Demystifying the Möbius

by Burkard Polster and Marty Ross

The Age, 27 May 2013

The Möbius strip is one of mathematics' superstars. It is an endless source of puzzlement and beauty, and all you need to make one is a thin strip of paper. Give the strip a 180 degree twist, staple together the ends and you have your Möbius strip.

Most famously the Möbius strip is one-sided: a flat QED cat travelling along one side of the strip will end up on the other side. However, there are many other wonders to be had. Last year we demonstrated a lovely Valentine's Day trick, creating interlocked hearts from two joined Möbius strips.

But where's the maths? Yes, it's all well and good to demonstrate some curiosities of twisted paper strips. Indeed it's great to do that: many mathophobes have been won over by such demonstrations. However an explanation or two also wouldn't go astray. We'll now attempt to make amends.

The above photograph features four paper loops with differing numbers of twists. On top are the cylinder (no twists) and the Möbius strip (one twist). At bottom left, the strip casting the impressive infinity shadow has two twists. Finally, at the bottom right is a triple-twisted loop, recognizable as the omnipresent recycling logo.

Of course we can create twistier loops, and we can imagine loops with any number of twists. However, experimenting with the loops above suffices to give a very clear idea of what happens in general.

The different loops behave differently but they naturally fall into two groups, depending upon whether the number of twists is even or odd. We'll begin by considering the simpler, albeit less thrilling, even-twisted loops.

The plain old cylinder can be considered the simplest of the “even”-twisted loops, but there's not much to say about it.
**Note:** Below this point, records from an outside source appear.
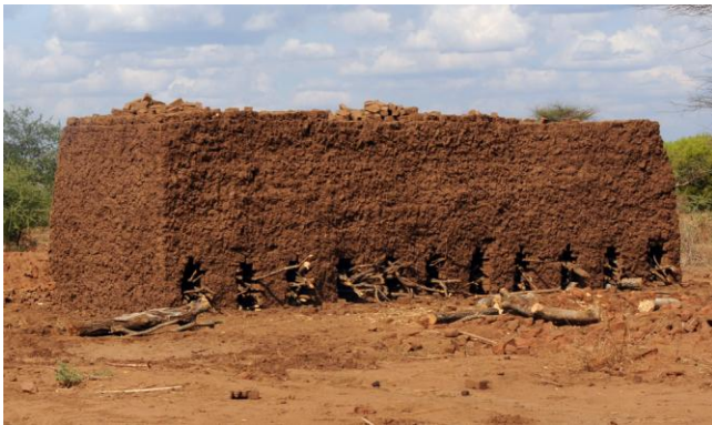
De stenen klaar om gebakken te worden

De Primary School van Kiteo hebben we niet kunnen bezoeken, maar we zijn wel op de plek geweest waar de stenen klaarstonden om gebakken te worden voor de bouw van tenminste 2 klaslokalen dit jaar. Volgend jaar zullen er nog 2 klaslokalen gebouwd worden en mogelijk nog een 5 e lokaal het jaar erop.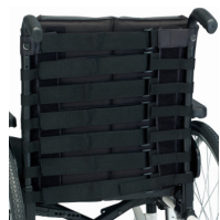
Tecido de nylon 7 correias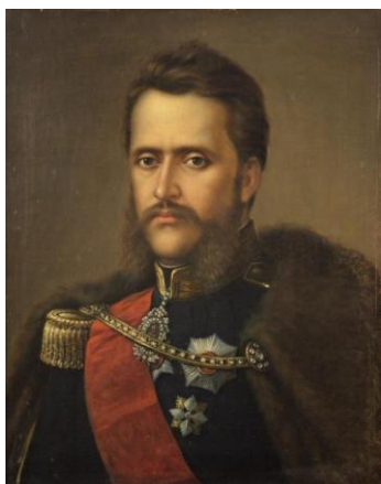
Foto Nr. 1, Alexandru Ioan I.

Din punct de vedere istoric așa este, însă dacă respectăm ordinea numerală strictă a Unirilor Românilor , „de jure” sau „de jure” și „de facto”, atunci Unirea Principatelor Române din 24 Ianuarie 1859, este a Treia Unire .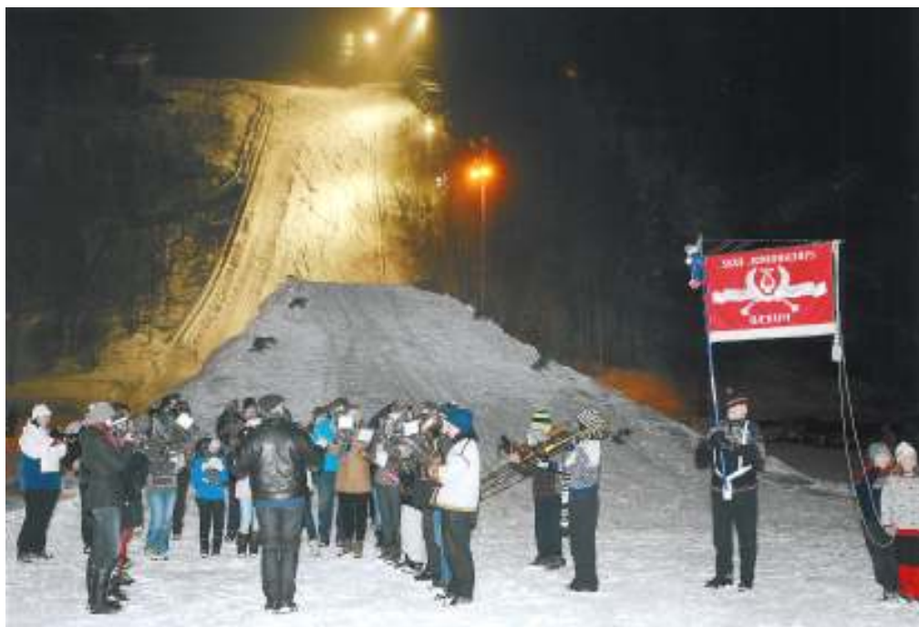
Skui Juniorkorps og Skui Brassband holder konsert etter innmarsj på sletta.

En stor takk også til alle hjelpere fra Bærum kommune, IL Jutul, våre to musikkorps Skui Juniorkorps og Skui Brassband, Røde kors og ikke minst de mange frivillige som sørget for at dette gikk smertefritt.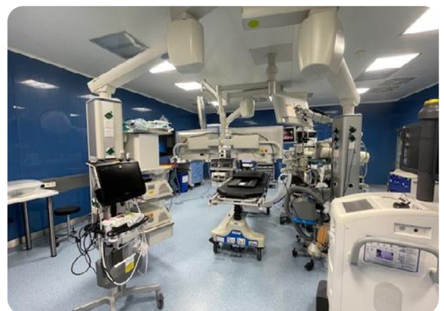
Vorbereitung einer Narkoseuntersuchung

Zu den flexiblen Eingriffen gehören etwa BAL (Broncho-alveoläre Lavagen), Kathetersaugbiopsien, Bürstenabstriche, Zangenbiopsien oder Chartisuntersuchungen zur möglichen Emphysemtherapie. Unter Vollnarkose in einer speziellen Jet-Beatmung mit starrem Bronchoskop finden tägliche endobronchiale Ultraschall-Untersuchungen statt und ersetzen in großem Maße die Mediaskopie, die früher im OP durchgeführt wurde. Weitere Eingriffe sind Blutstillungen, Stentanlagen, Tumorabtragungen, Ventileinlagen oder Fremdkörperentfernungen. Entsprechend kommen in Diagnostik und Therapie hochmoderne Techniken zum Einsatz.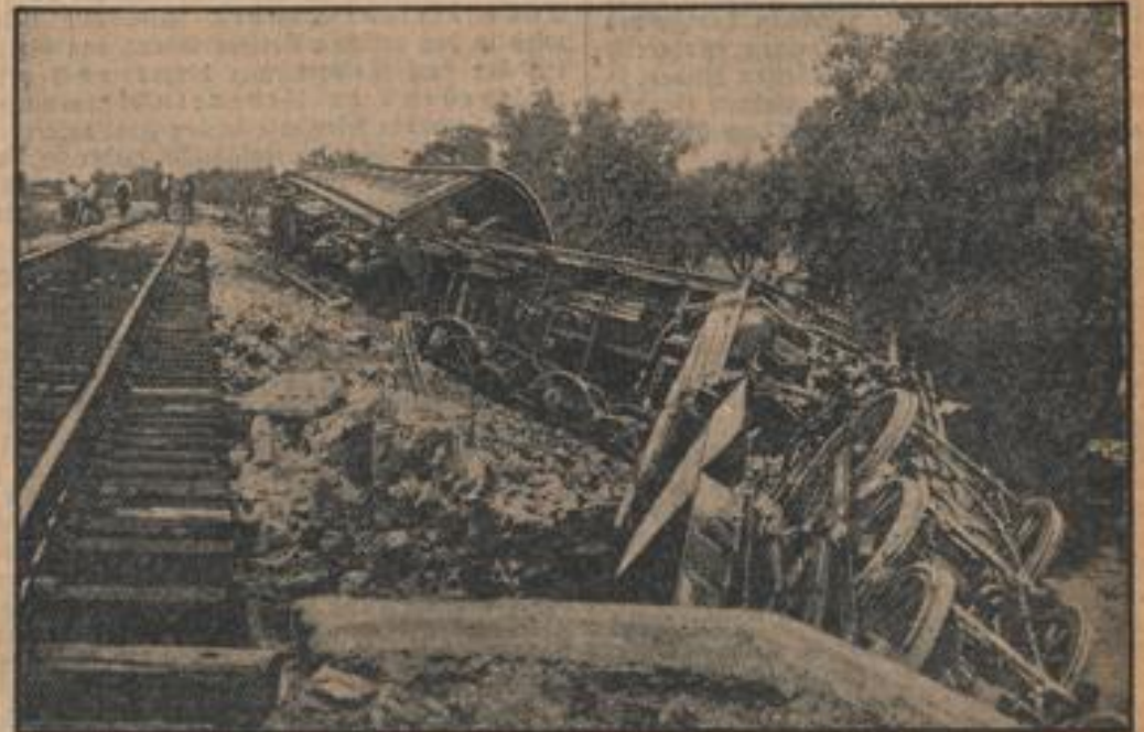
Der zwischen Haifa und Lod verkehrende Nahdug erlitt infolge eines Attentats, das Araber verübt hatten, der Lokomotivführer und Beisitzer wurden getötet.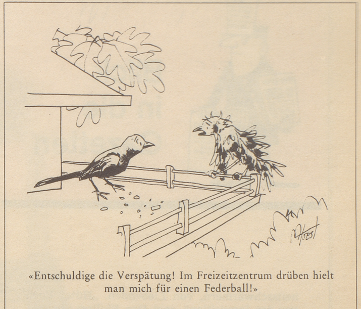
«Entschuldige die Verspätung! Im Freizeitzentrum drüben hielt man mich für einen Federball!»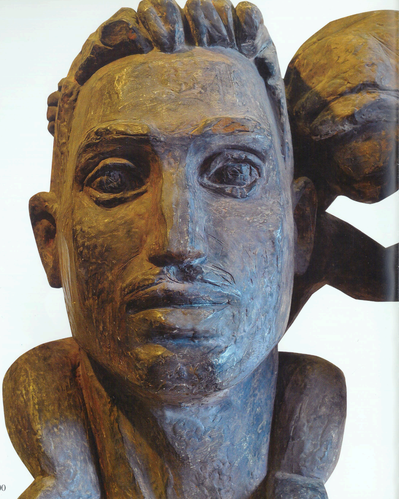
"Ailə" Fraqmentlər Sement, 1966 "Family" Fragments Concrete, 1966

It has two sides, and a top edge and a bottom edge, and that's about it.

The genuinely even-twisted loops are more interesting. They each have two sides, just like the cylinder. However, cutting along the waist of such a loop results in two new, interlocking loops. Not bad!

The odd-twisted loops, including the familiar Möbius strip, are a lot more interesting. To begin, they are all one-sided. (For this and related reasons, mathematicians would normally refer to all of the odd-twisted loops as Möbius strips. However, we'll ignore this technicality and reserve the “Möbius” label for the traditional, single-twist loop.)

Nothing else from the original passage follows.